The process requires that the VxVM daemon vxconfigd be stopped and restarted in order for the libumem feature to be used.
Ensure that any applications that make use of vxconfigd will not be disrupted whilst the below procedure is carried out.
For example, it is recommended to freeze all related "Service Groups" if Veritas Cluster Server (VCS) is in use.

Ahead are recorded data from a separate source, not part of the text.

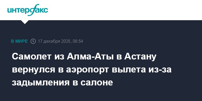 Москва. 17 декабря. INTERFAX.RU - Самолет Airbus А321N EI-KDG, выполнявший в среду рейс сообщением Алма-Ата - Астана, вернулся в аэропорт вылета после сигнала бедствия, сообщает комитет гражданской авиации (КГА) Минтранспорта Казахстана.
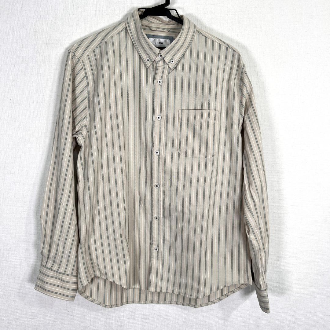 - 【ikka】イッカ ベージュ ストライプ 長袖 シャツ ボタンダウン トップス 男性用 メンズ Lサイズ【a014】
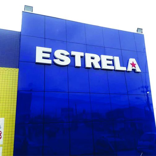 Fachada em Curitiba, Revestimento em ACM azul, com Letra Caixa alta estrela, acabamento pintura automotiva. Fachada é na comunica signs.

Check that vxconfigd is not carrying out any tasks (with vxtask list) prior to implementing this procedure.
1.] Stop the VxVM daemon "vxconfigd".
# vxdctl stop
# vxdctl mode
mode: not-running
2.] Make a copy of the current vxconfigd binary, and rename it as shown below.
# cd /sbin
# ls -al vxconfigd*
-r-xr-xr-x 1 root sys 5594248 Apr 5 20:05 vxconfigd
-r-xr-xr-x 1 root sys 5808760 Jan 14 06:10 vxconfigd.orig
-r-xr-xr-x 1 root sys 5594248 Apr 5 20:05 vxconfigd.SunOS_5.10
-r-xr-xr-x 1 root sys 7246072 Apr 5 20:28 vxconfigd.SunOS_5.9
# cp vxconfigd vxconfigd.version # plesae replace "version" with the current VxVM number
# mv vxconfigd vxconfigd.orig
3.] Create the libumem wrapper script.
# vi vxconfigd
- Add the following line entry to the file:
UMEM_DEBUG=default UMEM_LOGGING=transaction LD_PRELOAD=libumem.so.1 /sbin/vxconfigd.orig $*
- Write and quit the file.
# cat vxconfigd
UMEM_DEBUG=default UMEM_LOGGING=transaction LD_PRELOAD=libumem.so.1 /sbin/vxconfigd.orig $*
# chmod 555 vxconfigd
# chown root:sys vxconfigd
4.] Restart the VXVM process using the vxconfigd wrapper script, which calls the renamed vxconfigd.orig binary.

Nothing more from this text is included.